• DIRECTIONS:
Below are the entries; transcribe them exactly and drop every picture.

Top of MATERIAL PROVIDED

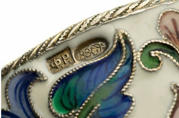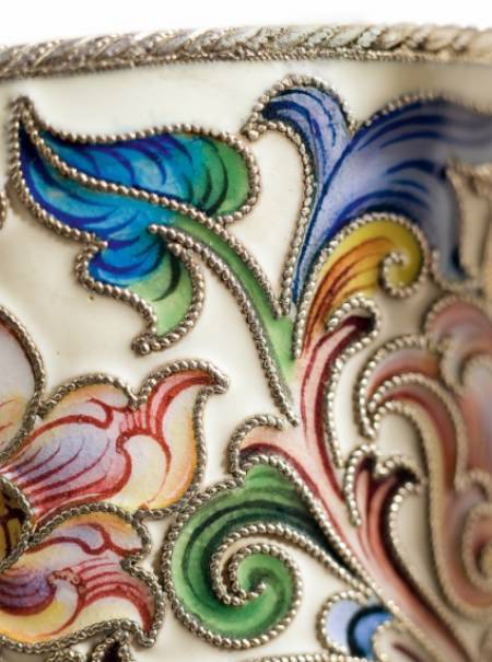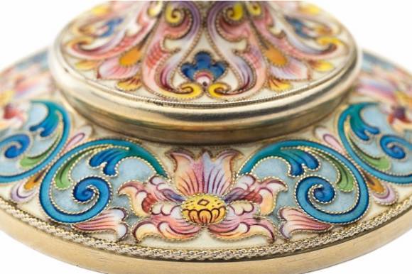 Silber 88 Solotnik, partiell vergoldet und emailliert. Auf getrepptem Rundfub, kurzer Balusterschaft, kelchfцrmige, am Ansatz gerippte Kuppa. Auf der Wandung umlaufend feiner Rocaille- und Blumendekor in Cloisonne-Technik. Feingehaltsstempel und Meistermarke «FR» in kyrillischen Buchstaben. H. 18,5 cm. 256 gr.
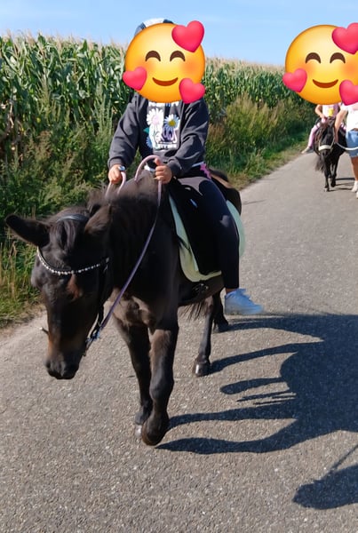 I am looking for a suitable new home for my elderly Shetty-Haflinger cross mare, Dana, who is 29 years old and approximately 1.13 meters tall, preferably near the North Sea. She is gentle and well-behaved around children and has been ridden (and theoretically driven in a carriage). Dana is an absolutely reliable horse, although she has some minor handicaps due to her previous living conditions. Three years ago, I took her over from the neighbor (a farm pony), along with some issues that needed attention. Finding support for her small needs has proven difficult, and I am unable to provide her with the perfect environment, so I am now searching for her an ideal final home. Due to her respiratory issues, a move to the north would be preferred, as I believe she would thrive much better there, even if her current care is good. I am happy to discuss her handicaps privately. She is regularly seen by the farrier every six weeks, receives osteopathic treatment regularly, and her dental care was attended to in early July. Her vaccinations are up to date. A home where she can still bring joy to a child, spend some time on pasture, and be loved would be wonderful. Currently, she is located in Molbergen, but this arrangement is not ideal (more private). Some equipment, such as a good saddle, can be included for an additional fee. If you have any questions or would like to see more pictures, please feel free to contact me.
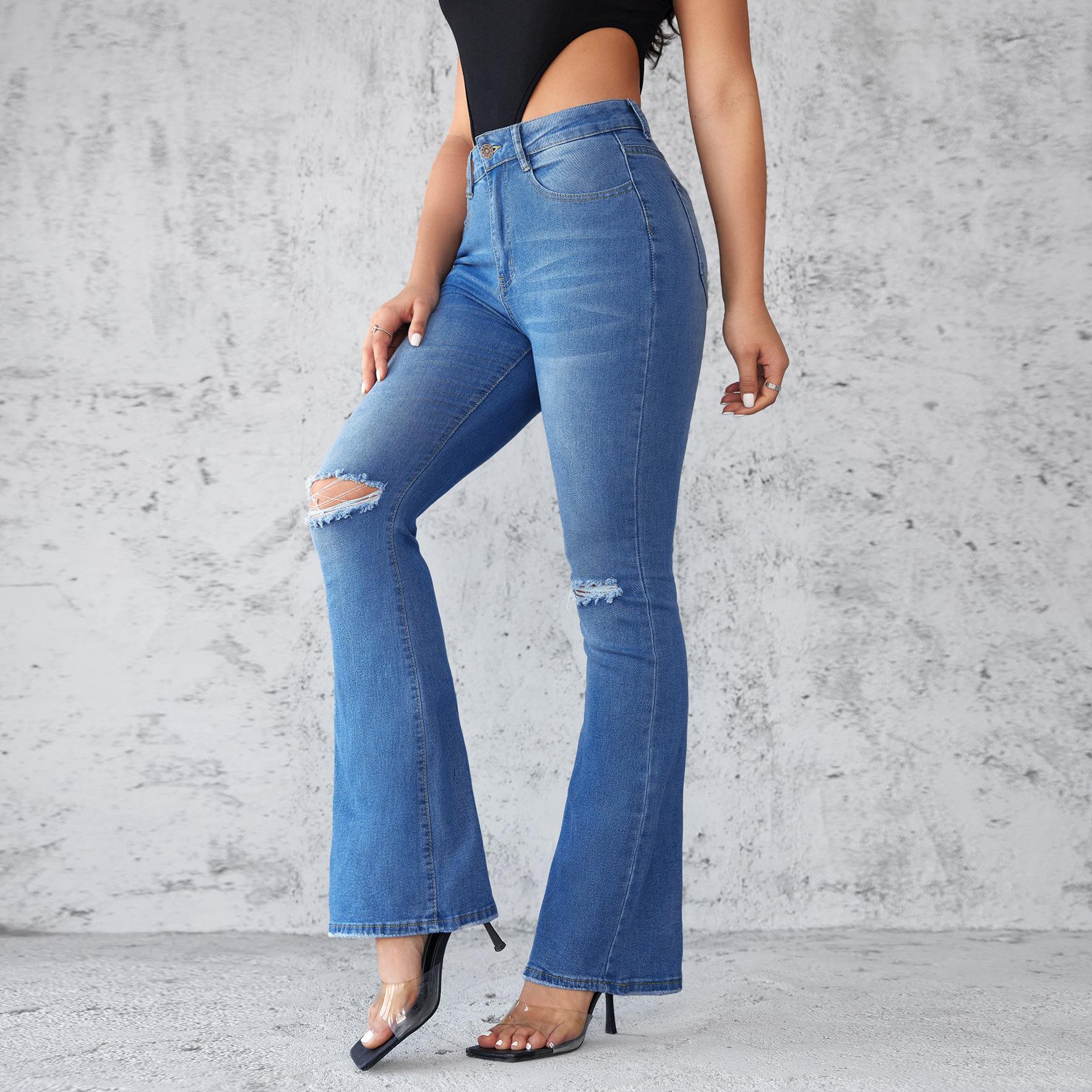 Women's High Waisted Flare Jeans Stretch Distressed Ripped Knee Denim Pants Slim Fit Retro Streetwear Long Trousers For Women Daily Wear
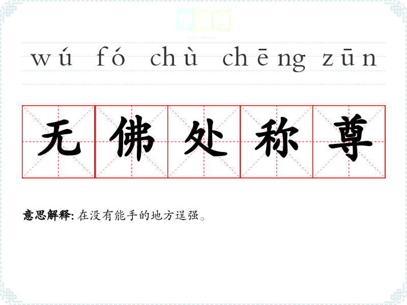 用法"作谓语、宾语;指在没有能手的地方逞强"
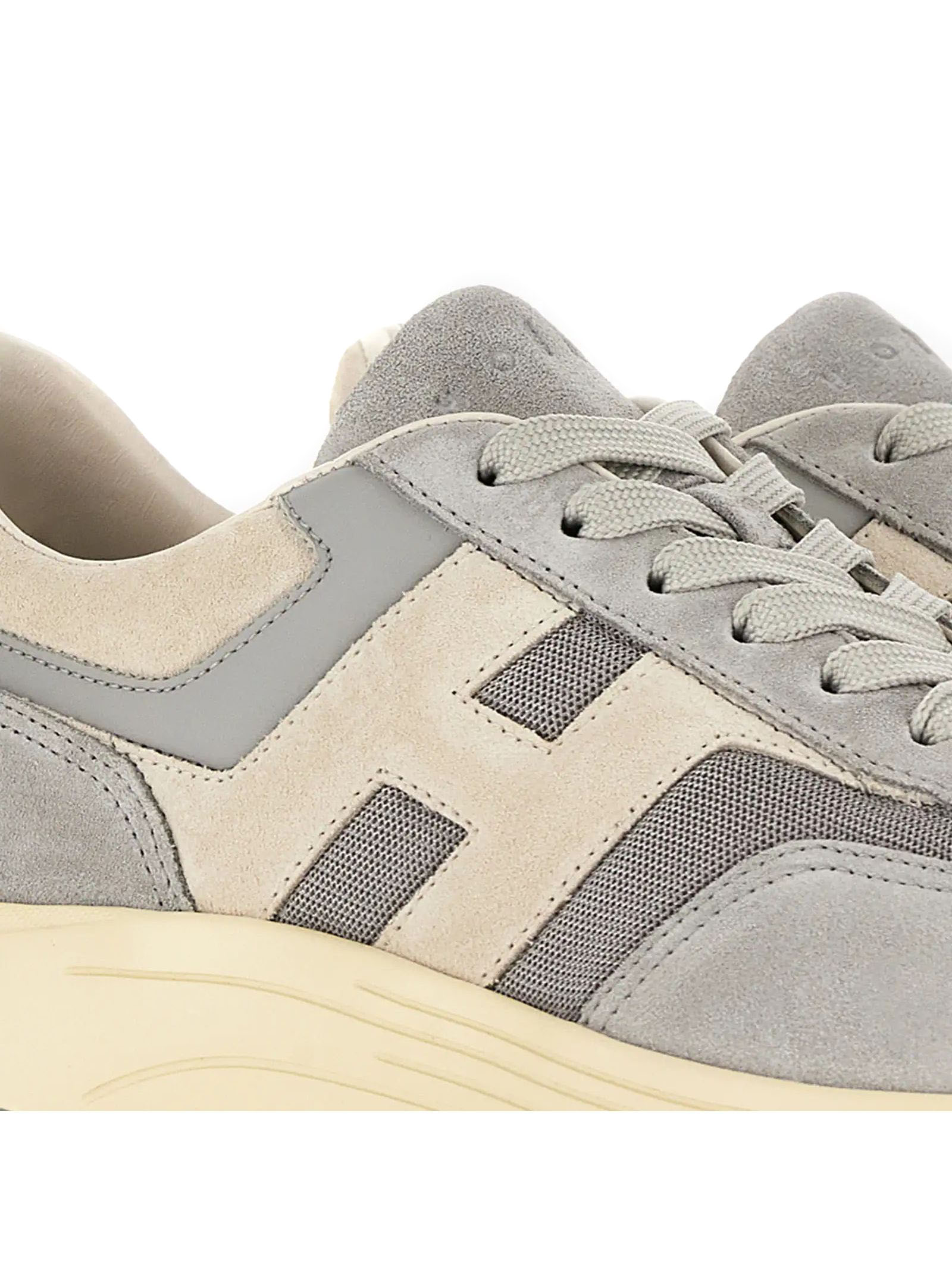Sneakers Hogan Hyperlight Azzurro Grigio, Tomaia in pelle scamosciata e tessuto, Dettagli in pelle liscia, H laterale inclinata, Soletta in memory foam 8 mm, Suola in gomma, Altezza totale 4,5 cm
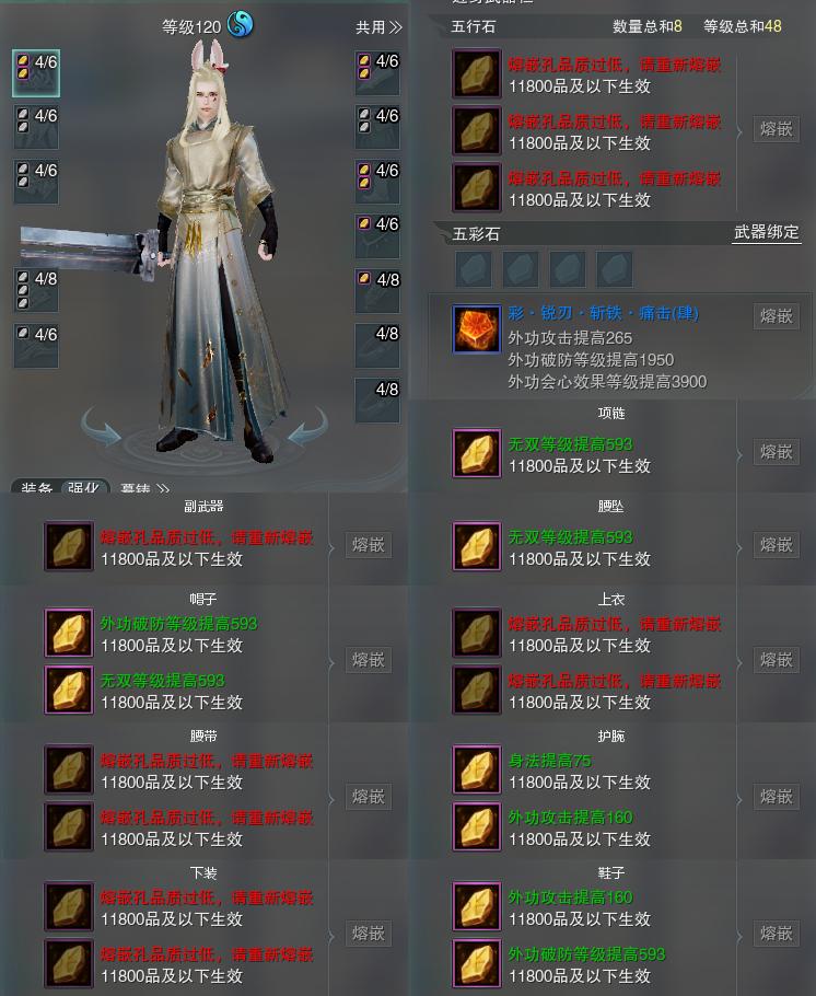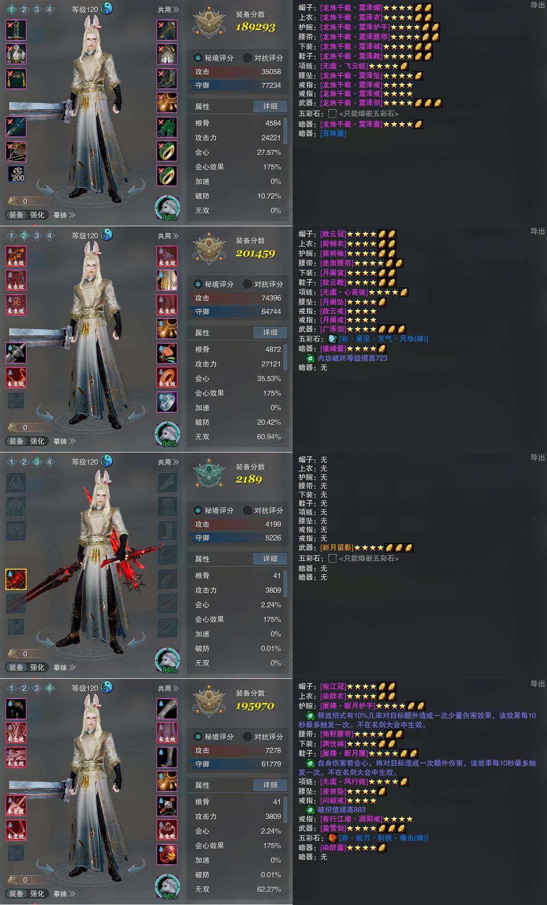 【装备】120级,装备一189293,装备二201459,装备三2189,装备四195970
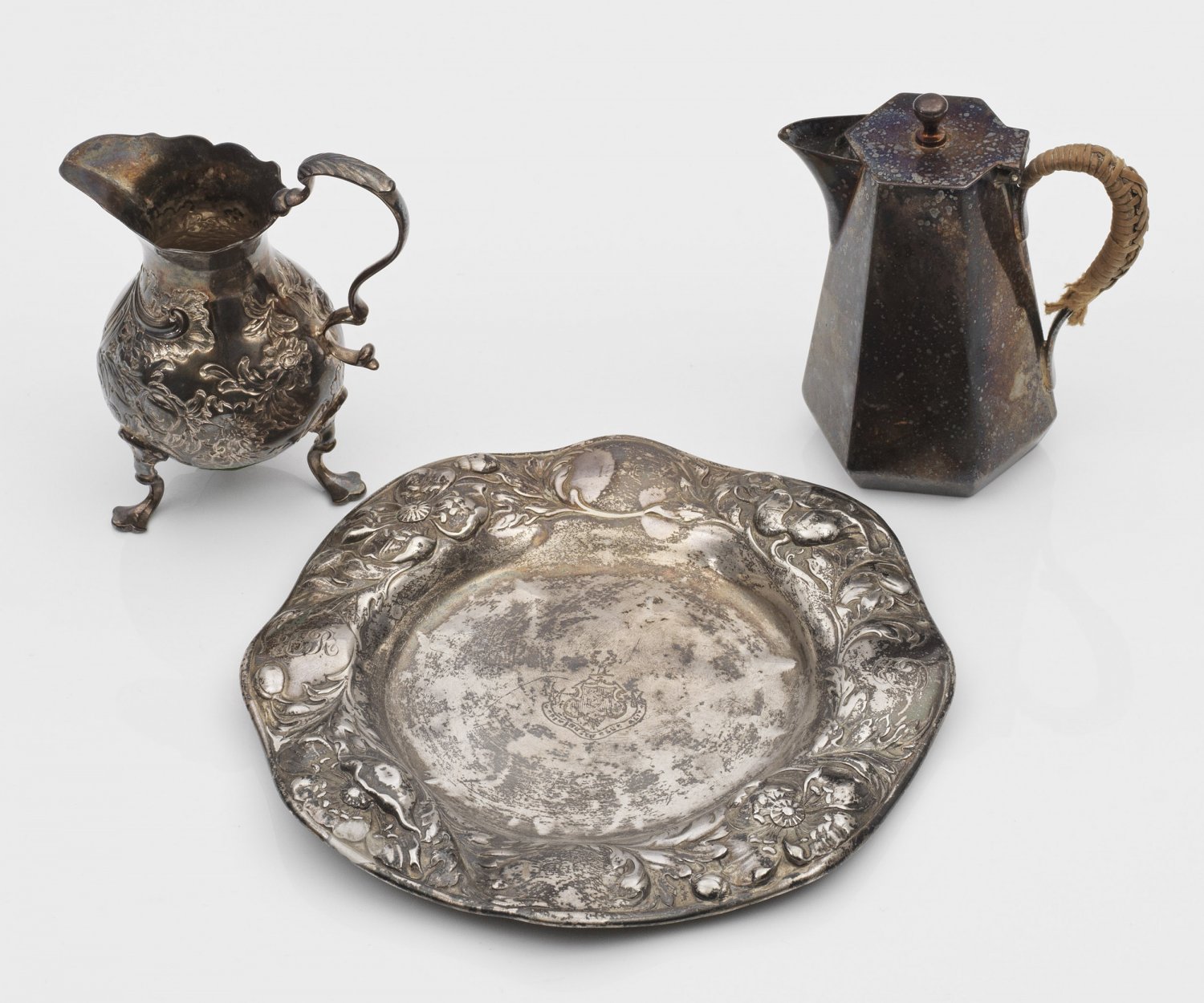 Two creamers and a small monogrammed and dated serving plate. Different assay and maker´s marks. Date letters.
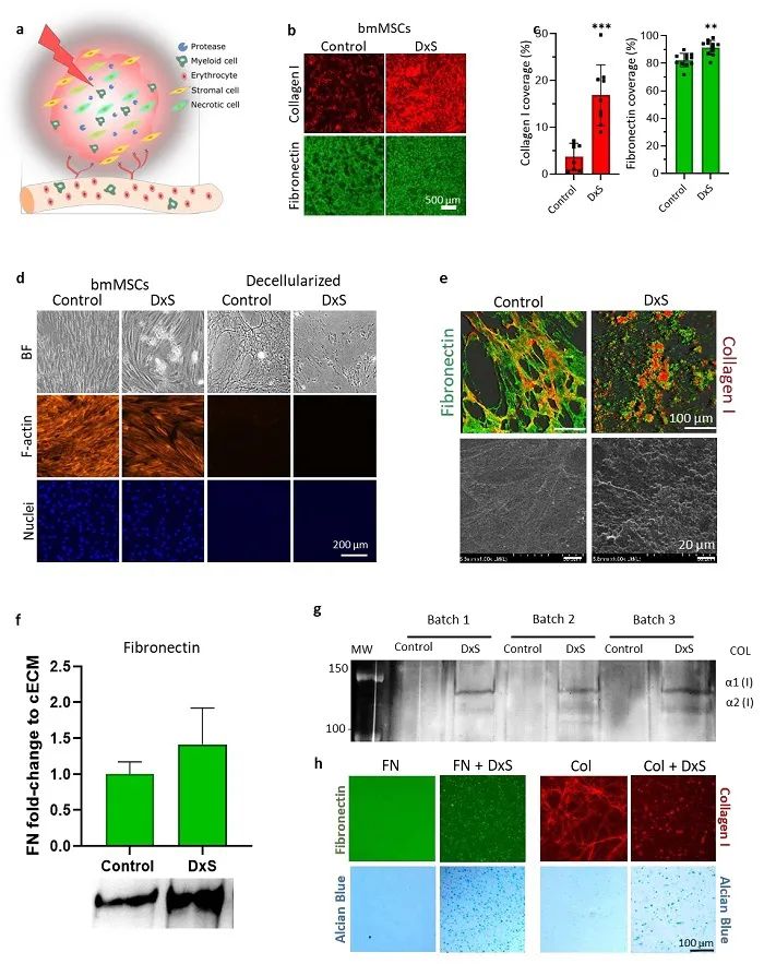 慢性缺血性疾病,如冠状动脉、脑血管和外周血管疾病,是造成全世界死亡和残疾的主要原因。相关组织区域血管生长不足会导致灌注不良,进而导致组织坏死,会进一步阻碍组织再生和伤口愈合。现有的血管重建策略,包括血管生长因子递送和干细胞治疗,尚存在生长因子代谢速度快、剂量不稳定以及移植细胞培养周期长、病灶部位能量供应不足导致细胞死亡等缺点。细胞外基质为血管生长因子的存储与可控释放提供了合适的载体,而MSCs能产生多种细胞因子(包括血管生长因子)。因此,该研究团队将硫酸葡聚糖加入到MSCs培养基中促进细胞外基质和活性细胞因子的分子自组装,其中硫酸葡聚糖刺激MSCs分泌胶原基ECM相关蛋白(如I型胶原和纤连蛋白)(如图2所示),该蛋白进一步组装成为具有生物学活性的纳米颗粒。
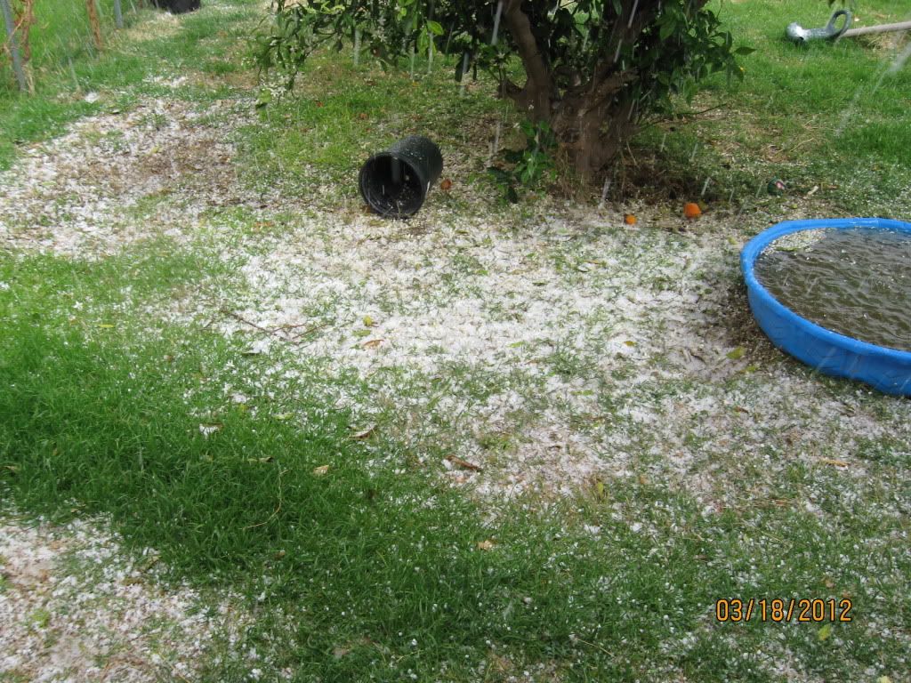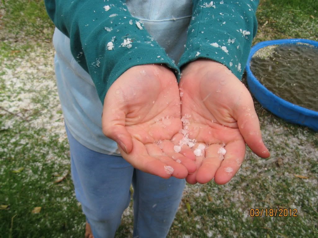 I forgot that M had taken some pictures of our hail storm the other day.
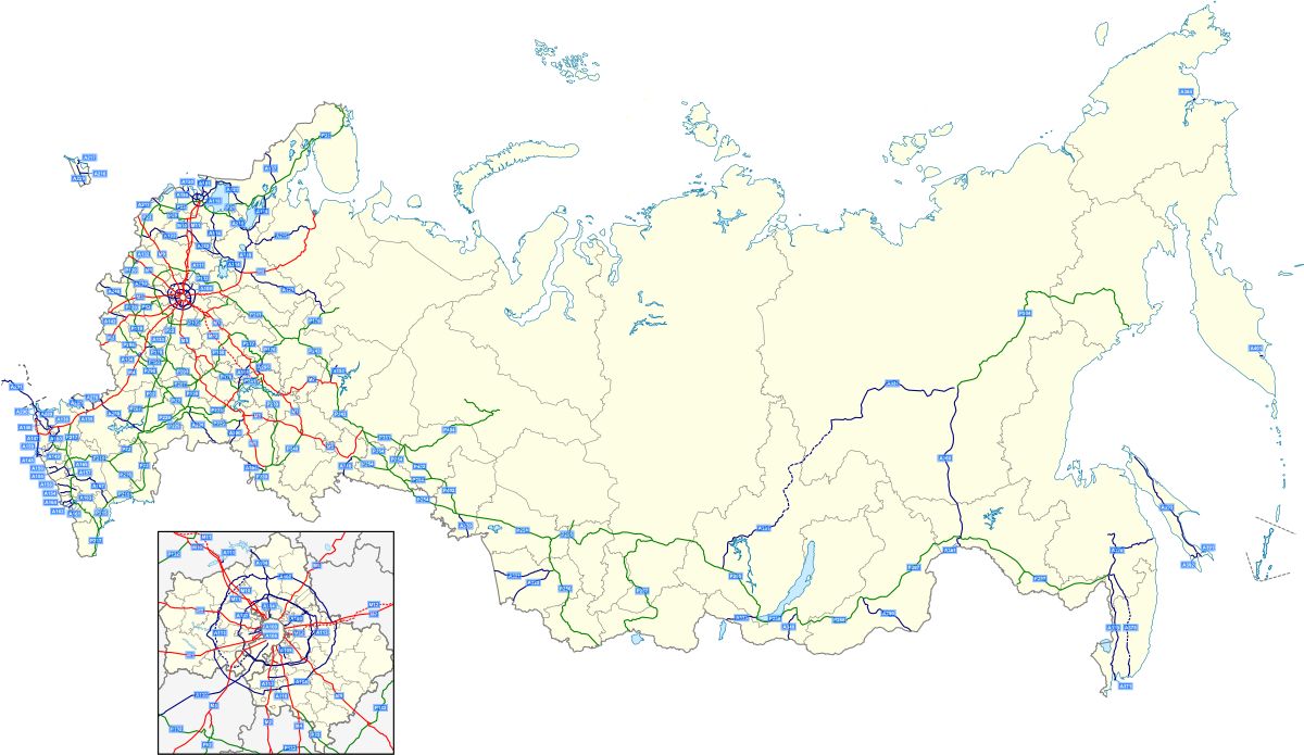 Mapa ruských federálních dálnic s výřezem Moskevské oblasti

Bottom of MATERIAL PROVIDED

• WRITTEN RESPONSE:
 Silber 88 Solotnik, partiell vergoldet und emailliert. Auf getrepptem Rundfub, kurzer Balusterschaft, kelchfцrmige, am Ansatz gerippte Kuppa. Auf der Wandung umlaufend feiner Rocaille- und Blumendekor in Cloisonne-Technik. Feingehaltsstempel und Meistermarke «FR» in kyrillischen Buchstaben. H. 18,5 cm. 256 gr.
 I am looking for a suitable new home for my elderly Shetty-Haflinger cross mare, Dana, who is 29 years old and approximately 1.13 meters tall, preferably near the North Sea. She is gentle and well-behaved around children and has been ridden (and theoretically driven in a carriage). Dana is an absolutely reliable horse, although she has some minor handicaps due to her previous living conditions. Three years ago, I took her over from the neighbor (a farm pony), along with some issues that needed attention. Finding support for her small needs has proven difficult, and I am unable to provide her with the perfect environment, so I am now searching for her an ideal final home. Due to her respiratory issues, a move to the north would be preferred, as I believe she would thrive much better there, even if her current care is good. I am happy to discuss her handicaps privately. She is regularly seen by the farrier every six weeks, receives osteopathic treatment regularly, and her dental care was attended to in early July. Her vaccinations are up to date. A home where she can still bring joy to a child, spend some time on pasture, and be loved would be wonderful. Currently, she is located in Molbergen, but this arrangement is not ideal (more private). Some equipment, such as a good saddle, can be included for an additional fee. If you have any questions or would like to see more pictures, please feel free to contact me.
 Women's High Waisted Flare Jeans Stretch Distressed Ripped Knee Denim Pants Slim Fit Retro Streetwear Long Trousers For Women Daily Wear
 用法"作谓语、宾语;指在没有能手的地方逞强"
Sneakers Hogan Hyperlight Azzurro Grigio, Tomaia in pelle scamosciata e tessuto, Dettagli in pelle liscia, H laterale inclinata, Soletta in memory foam 8 mm, Suola in gomma, Altezza totale 4,5 cm
 【装备】120级,装备一189293,装备二201459,装备三2189,装备四195970
 Two creamers and a small monogrammed and dated serving plate. Different assay and maker´s marks. Date letters.
 慢性缺血性疾病,如冠状动脉、脑血管和外周血管疾病,是造成全世界死亡和残疾的主要原因。相关组织区域血管生长不足会导致灌注不良,进而导致组织坏死,会进一步阻碍组织再生和伤口愈合。现有的血管重建策略,包括血管生长因子递送和干细胞治疗,尚存在生长因子代谢速度快、剂量不稳定以及移植细胞培养周期长、病灶部位能量供应不足导致细胞死亡等缺点。细胞外基质为血管生长因子的存储与可控释放提供了合适的载体,而MSCs能产生多种细胞因子(包括血管生长因子)。因此,该研究团队将硫酸葡聚糖加入到MSCs培养基中促进细胞外基质和活性细胞因子的分子自组装,其中硫酸葡聚糖刺激MSCs分泌胶原基ECM相关蛋白(如I型胶原和纤连蛋白)(如图2所示),该蛋白进一步组装成为具有生物学活性的纳米颗粒。
 I forgot that M had taken some pictures of our hail storm the other day.
 Mapa ruských federálních dálnic s výřezem Moskevské oblasti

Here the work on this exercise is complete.